Just went spelunking through the decision tree algorithm.  Which DT type did you choose to implement?  It seems to have some characteristics of the ID3 but at times suggests C4.5.... or another DT I'm missing out on all together.

Also, as an aside - do you have a preference on contributions?  May I feel free to create a fork?

Coordinator
Mar 10, 2011 at 7:21 PM

Feel free to fork! Or I would love to have you be a dev on the project. 

To answer:

  1. If I'm understanding right, ID3 uses entropy as the information gain measure. If that is the case, the DT could use entropy (which makes it ID3-ish)
  2. At the same time (*gasp*) I also handle continuous variables by splitting in half and measuring information gain with each half. I *do not* however post-process the tree to remove unnecessary nodes etc. as C4.5 does.

In the plans for DT's I have the following:

Rather than simply splitting in half I am considering having a tree width set a priori. Meaning that if the split threshold is reached, limit tree fan out to the max width. In this sense it would be slightly more granular than C4.5.

I have the basics already set up for doing this already just need to get it done.

Thoughts?

Developer
Mar 10, 2011 at 8:14 PM

I would love to join the project - for sure!  Machine Learning, among much of Data Mining, has become a passion of mine and I'm looking for exactly this kind of project to code against and solidify the algorithms I'm learning and more over - learn from others.

As for the DTs, I noticed the implementation accepted any of the Error/Entropy/Gini options - and furthermore that it computes Information Gain, the splitting threw me but I totally missed that's why you were splitting, for continuous variables.  That makes complete sense. :)

Have you considered the 3-4-5 rule?  It might be a little overkill for small data sets (and by overkill I mean it likely won't work) but perhaps the algorithm can split in half for small data sets and attempt the 3-4-5 rule for larger data sets - which would essentially build in the fan-out limit (as it were) to 5. 

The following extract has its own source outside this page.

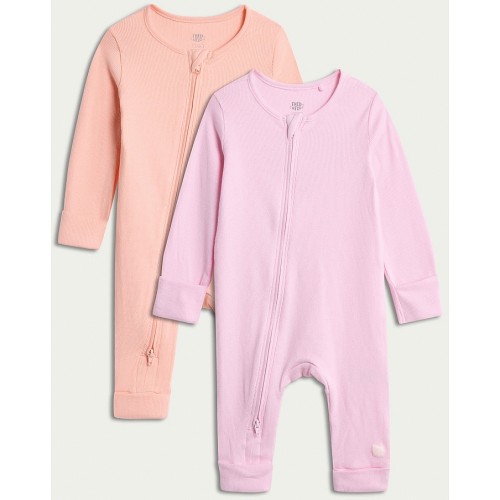 2-Pack Cotton Rich Ribbed Zip Up Sleepsuits in Pink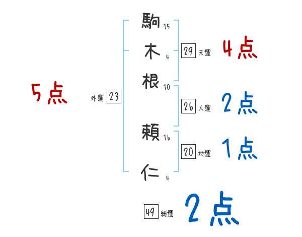 駒木根頼仁さんの画数の鑑定結果

I could fire a prototype or two your way - we can compare approaches.

Coordinator
Mar 11, 2011 at 4:54 AM

I added a function to do the actual splitting that creates ranges based on (Max - Min) / TreeWidth kind of approach. Looks like I still need to check it in ;)

Developer
Mar 11, 2011 at 4:51 PM

Awesome!  I look forward to seeing the implementation for that.  

Coordinator
Apr 8, 2011 at 8:24 PM

Ok, I think it is done. I checked in yesterday.